DATA SECTION:
◇ ◇ ◇

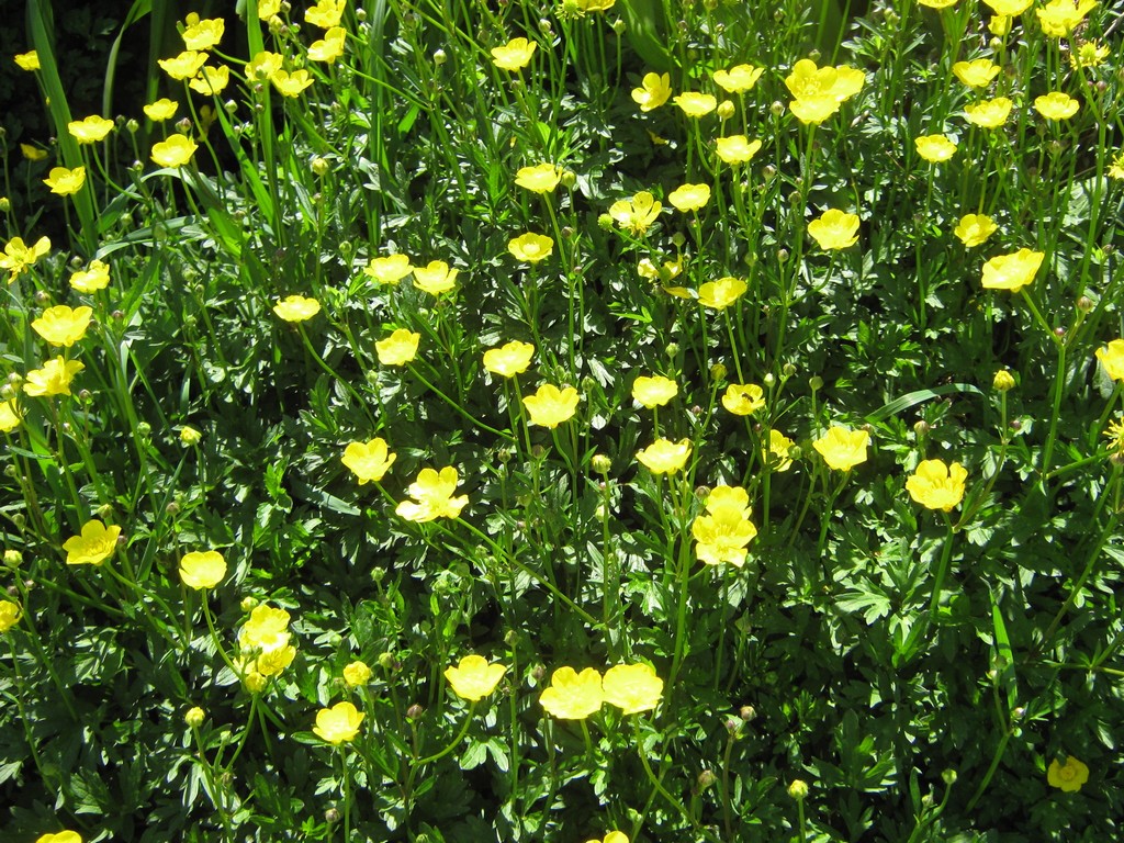 As spring warms up, the buttercups open, in dense patches of bright yellow flowers. The flowers have bright, glossy petals that can look almost white. Even when they’re not flowering, their leaves have an interesting mottley spottleness. That’s how you know these particular buttercups are Ranunculus repens.
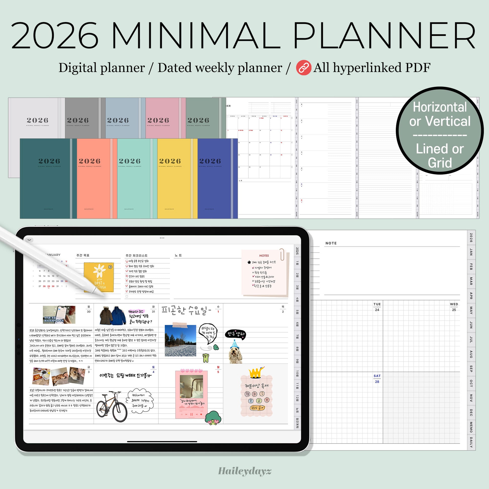 The 2026 Minimal Weekly Planner is versatile, offering both horizontal and vertical modes as well as the choice between grid and lined note styles.
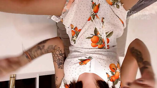 Bony female fingering her vulva at home while I film
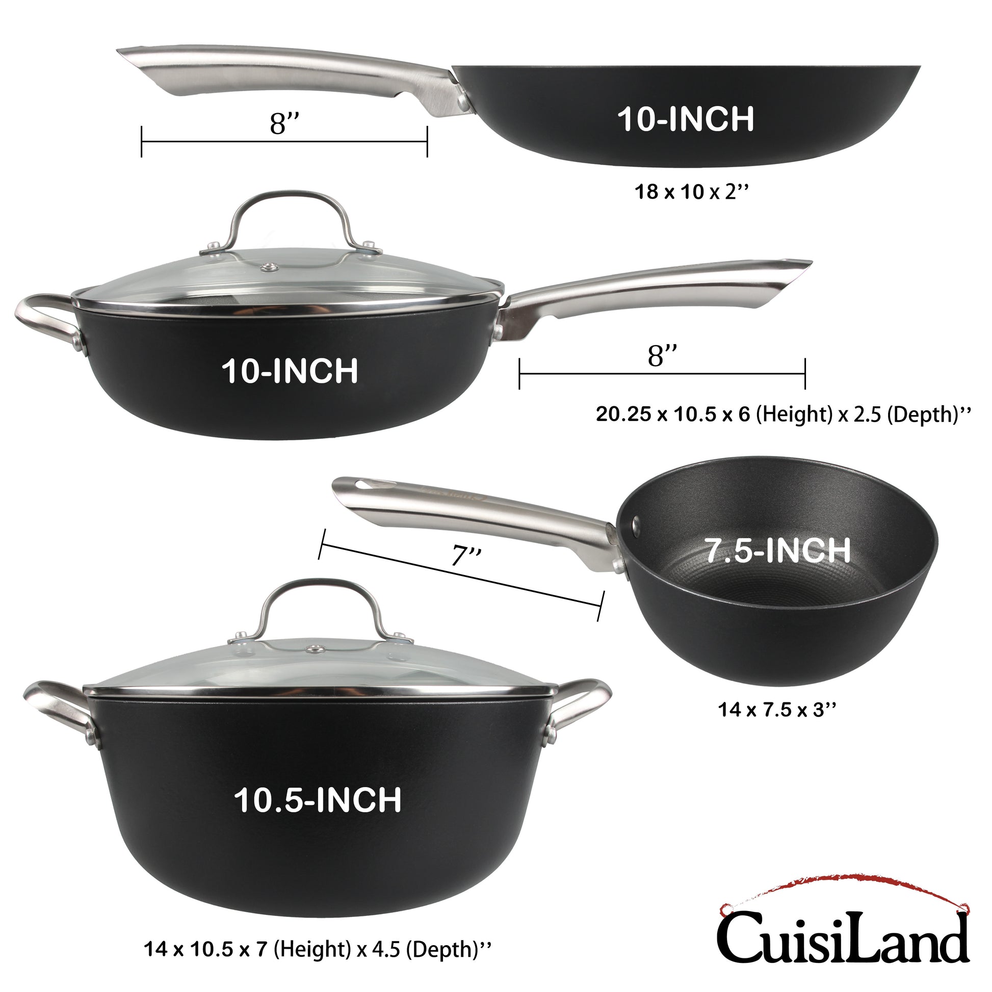- 10" Frying Pan: 18" L × 10" Dia × 2" H, Handle Length 8"

◇ ◇ ◇

EXERCISE OBJECTIVE:
Only the pictures are to be left out; the rest of the material above should be printed verbatim.

WRITTEN SOLUTION:
 As spring warms up, the buttercups open, in dense patches of bright yellow flowers. The flowers have bright, glossy petals that can look almost white. Even when they’re not flowering, their leaves have an interesting mottley spottleness. That’s how you know these particular buttercups are Ranunculus repens.
 The 2026 Minimal Weekly Planner is versatile, offering both horizontal and vertical modes as well as the choice between grid and lined note styles.
 Bony female fingering her vulva at home while I film
- 10" Frying Pan: 18" L × 10" Dia × 2" H, Handle Length 8"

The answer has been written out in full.